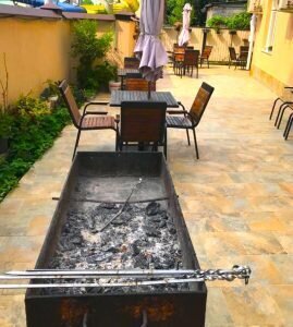 На территории имеется свой дворик со столиками на открытом воздухе, где находится мангал для приготовления шашлыков.
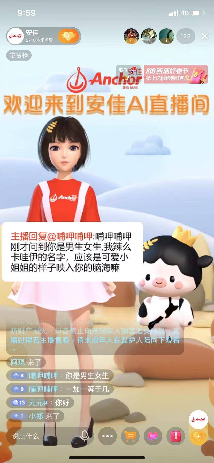 8月1日,安佳在抖音开启了一场不同以往的直播,最大的变化是主播换了一副新“面孔”。“安佳”和“安安”,作为安佳品牌两个AI虚拟主播全新上线,成了品牌抖音直播间的“主角”。安佳新晋虚拟主播除了能够完整准确的介绍直播产品、店铺促销与品牌信息外,还可以同步播放产品应用的视频、展示产品场景、讲述品牌文化和展现产品溯源等信息,此外还能与观众进行互动,回答消费者关于产品、促销、品牌的问题乃至天气、数学题与抽奖等真人主播的日常工作。
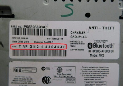 Radio Code Anti Theft For Continental Chrysler Jeep Cherokee Serial Tvpqn Tqn Ebay
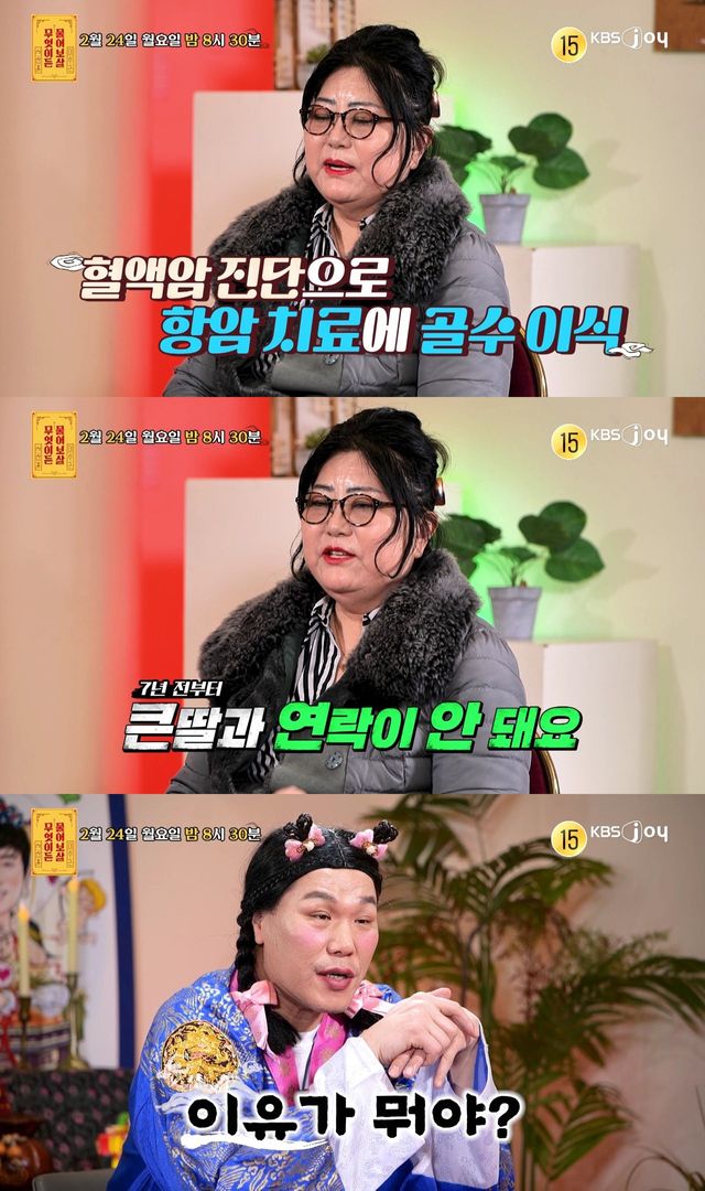 24일 방송하는 KBS Joy '무엇이든 물어보살'(이하 '물어보살')에는 7년째 연락이 끊긴 큰딸과 화해하고 싶다는 사연자가 출연한다.
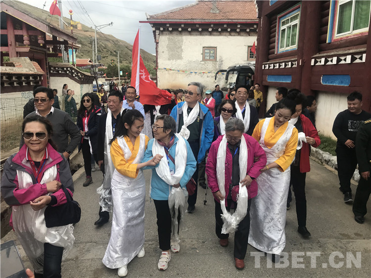 圖為走進(jìn)蝦拉沱村的十八軍老戰(zhàn)士及十八軍后代。攝影:龍真多吉

■ ■ ■ ■

• _Brief_
The copy must match every line of the data exactly and contain no pictures.

• _Exercise solution_
 На территории имеется свой дворик со столиками на открытом воздухе, где находится мангал для приготовления шашлыков.
 8月1日,安佳在抖音开启了一场不同以往的直播,最大的变化是主播换了一副新“面孔”。“安佳”和“安安”,作为安佳品牌两个AI虚拟主播全新上线,成了品牌抖音直播间的“主角”。安佳新晋虚拟主播除了能够完整准确的介绍直播产品、店铺促销与品牌信息外,还可以同步播放产品应用的视频、展示产品场景、讲述品牌文化和展现产品溯源等信息,此外还能与观众进行互动,回答消费者关于产品、促销、品牌的问题乃至天气、数学题与抽奖等真人主播的日常工作。
 Radio Code Anti Theft For Continental Chrysler Jeep Cherokee Serial Tvpqn Tqn Ebay
 24일 방송하는 KBS Joy '무엇이든 물어보살'(이하 '물어보살')에는 7년째 연락이 끊긴 큰딸과 화해하고 싶다는 사연자가 출연한다.
 圖為走進(jìn)蝦拉沱村的十八軍老戰(zhàn)士及十八軍后代。攝影:龍真多吉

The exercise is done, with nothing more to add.